**EXERCISE INPUT**
:::::

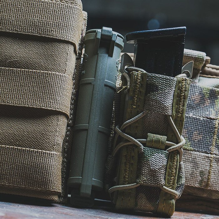 - Fästs vid PALS, MOLLE, webbband och remmar
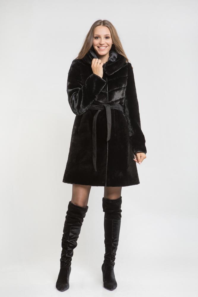 Полупальто из меха овчины. Капюшон изделия декорирован мехом норки. Перед модели - диагональная выкладка пластин из норочки. Длина изделия 90 см. Борта и низ рукавов модели обработаны натуральной кожей. Благородный цвет черного меха представляет неограниченные возможности для любительниц экспериментов!
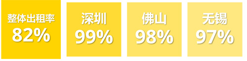 市場(chǎng)整體出租率82%,24個(gè)城市的出租率在80%以上,其中10個(gè)城市在90%以上。
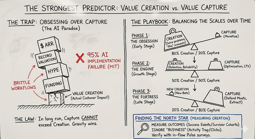 Most companies have this backwards. They obsess over value capture while hoping value creation happens automatically. They optimize pricing and packaging while the actual foundation erodes beneath them.
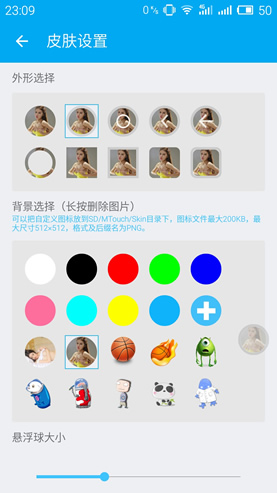 *悬浮球有多种颜色,形状。支持自定义图片背景。

:::::

What is needed is the listing above, repeated verbatim, without its images.

**ANSWER FOR THIS EXERCISE**
 - Fästs vid PALS, MOLLE, webbband och remmar
 Полупальто из меха овчины. Капюшон изделия декорирован мехом норки. Перед модели - диагональная выкладка пластин из норочки. Длина изделия 90 см. Борта и низ рукавов модели обработаны натуральной кожей. Благородный цвет черного меха представляет неограниченные возможности для любительниц экспериментов!
 市場(chǎng)整體出租率82%,24個(gè)城市的出租率在80%以上,其中10個(gè)城市在90%以上。
 Most companies have this backwards. They obsess over value capture while hoping value creation happens automatically. They optimize pricing and packaging while the actual foundation erodes beneath them.
 *悬浮球有多种颜色,形状。支持自定义图片背景。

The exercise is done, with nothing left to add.